#### [WORK REQUIRED]
Repeat only the lines below from the one containing "聖遺物のみの防御力・会心率・会心ダメ見せてくれませんか…" through the one containing "水蛇大戰鯰魚!剛含住蛇頭,萬萬想不到「黃雀在後」,結局厲害了", inclusive, exactly as written.

#### [SUPPLIED INFORMATION]
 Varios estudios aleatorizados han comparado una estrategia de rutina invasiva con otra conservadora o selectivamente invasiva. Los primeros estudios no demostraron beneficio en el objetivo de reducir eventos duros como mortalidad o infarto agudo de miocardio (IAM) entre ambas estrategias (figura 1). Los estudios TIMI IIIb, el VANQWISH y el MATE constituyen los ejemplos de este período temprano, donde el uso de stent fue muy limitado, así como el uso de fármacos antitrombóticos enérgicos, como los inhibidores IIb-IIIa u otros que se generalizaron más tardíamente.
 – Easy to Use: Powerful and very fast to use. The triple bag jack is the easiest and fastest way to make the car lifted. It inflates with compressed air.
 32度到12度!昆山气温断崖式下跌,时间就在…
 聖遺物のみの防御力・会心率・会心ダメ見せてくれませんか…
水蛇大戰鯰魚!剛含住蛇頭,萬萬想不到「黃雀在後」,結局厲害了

...

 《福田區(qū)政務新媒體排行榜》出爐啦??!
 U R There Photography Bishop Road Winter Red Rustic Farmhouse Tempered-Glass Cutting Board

==

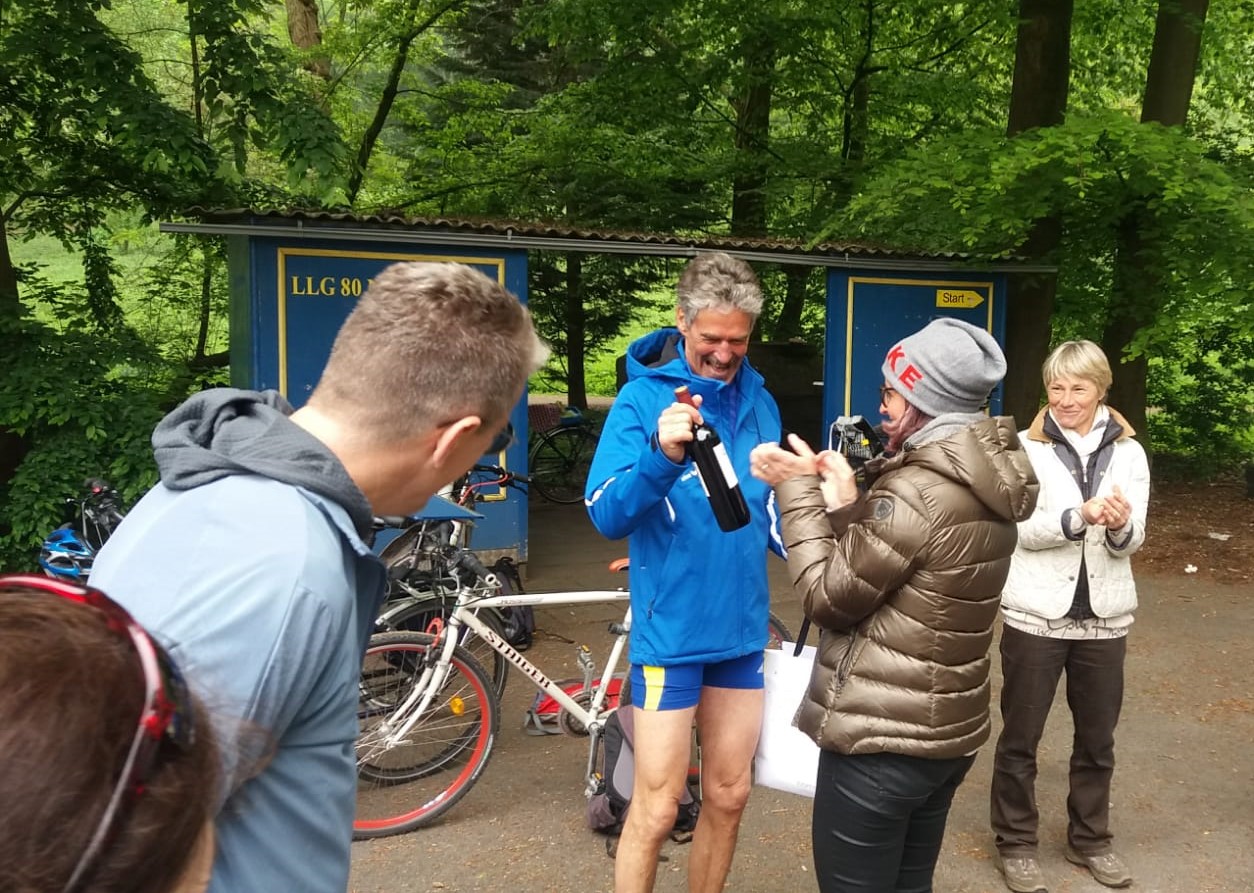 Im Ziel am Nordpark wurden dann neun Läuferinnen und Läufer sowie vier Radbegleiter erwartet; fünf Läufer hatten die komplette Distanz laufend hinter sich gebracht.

#### [RESPONSE TO THIS TASK]
 聖遺物のみの防御力・会心率・会心ダメ見せてくれませんか…
水蛇大戰鯰魚!剛含住蛇頭,萬萬想不到「黃雀在後」,結局厲害了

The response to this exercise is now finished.